-- TASK OBJECTIVE --
Of the lines in the material below, print only those from the one containing "Deirdre Bourke, the" to the one containing "海南抢劫罪、抢夺罪差别是几种 海南抢劫罪,抢夺罪差别是几种犯罪", ends included, exactly as written and without pictures.

-- SOURCE INFORMATION --
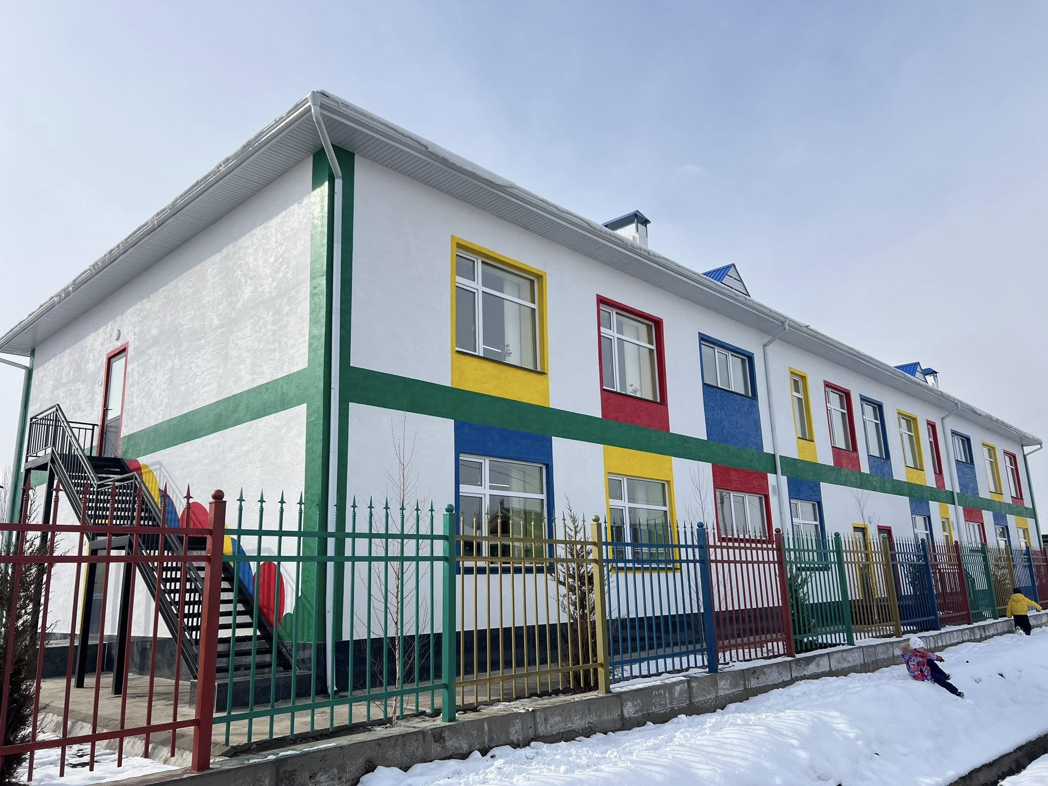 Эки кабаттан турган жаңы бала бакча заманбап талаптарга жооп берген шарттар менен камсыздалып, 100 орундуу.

---

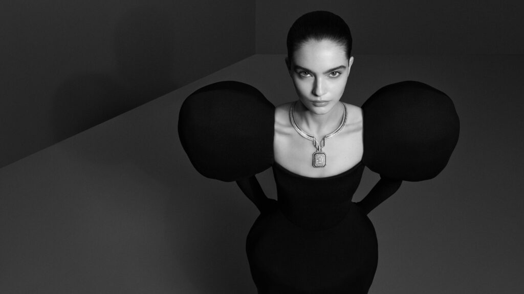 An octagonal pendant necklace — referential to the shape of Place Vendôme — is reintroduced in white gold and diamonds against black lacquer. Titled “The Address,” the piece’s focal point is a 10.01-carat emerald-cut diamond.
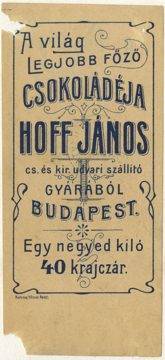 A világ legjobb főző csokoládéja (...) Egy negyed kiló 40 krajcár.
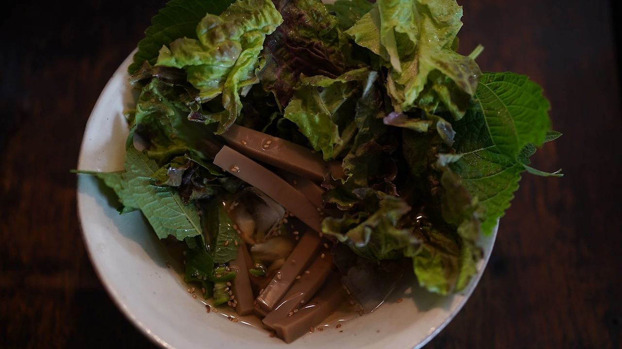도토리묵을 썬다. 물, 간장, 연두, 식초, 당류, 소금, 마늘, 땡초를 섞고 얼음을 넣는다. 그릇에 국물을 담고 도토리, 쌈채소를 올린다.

* * *

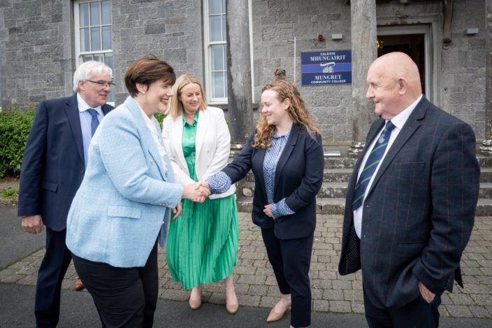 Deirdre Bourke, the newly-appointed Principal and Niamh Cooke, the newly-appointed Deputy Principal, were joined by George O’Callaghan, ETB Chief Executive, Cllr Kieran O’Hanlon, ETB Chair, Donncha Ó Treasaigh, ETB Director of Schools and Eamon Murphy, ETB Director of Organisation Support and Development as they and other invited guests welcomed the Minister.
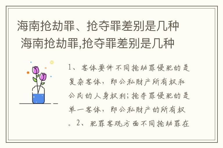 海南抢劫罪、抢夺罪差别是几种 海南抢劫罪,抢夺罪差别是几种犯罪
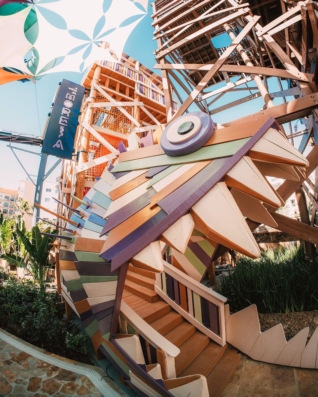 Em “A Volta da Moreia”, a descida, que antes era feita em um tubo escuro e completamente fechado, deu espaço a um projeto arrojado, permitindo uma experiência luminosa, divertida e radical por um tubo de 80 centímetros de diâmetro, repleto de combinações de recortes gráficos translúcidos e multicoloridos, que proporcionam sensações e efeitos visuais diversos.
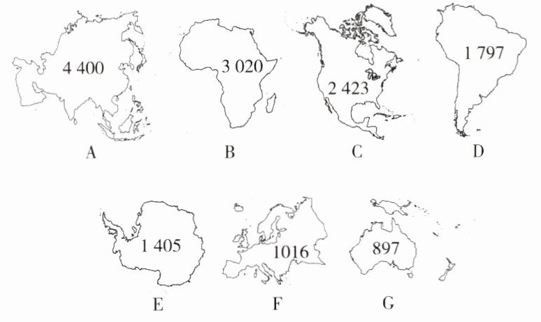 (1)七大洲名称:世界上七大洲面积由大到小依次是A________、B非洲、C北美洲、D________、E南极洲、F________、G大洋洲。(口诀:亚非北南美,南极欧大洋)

-- ANSWER TO THIS TASK --
 Deirdre Bourke, the newly-appointed Principal and Niamh Cooke, the newly-appointed Deputy Principal, were joined by George O’Callaghan, ETB Chief Executive, Cllr Kieran O’Hanlon, ETB Chair, Donncha Ó Treasaigh, ETB Director of Schools and Eamon Murphy, ETB Director of Organisation Support and Development as they and other invited guests welcomed the Minister.
 海南抢劫罪、抢夺罪差别是几种 海南抢劫罪,抢夺罪差别是几种犯罪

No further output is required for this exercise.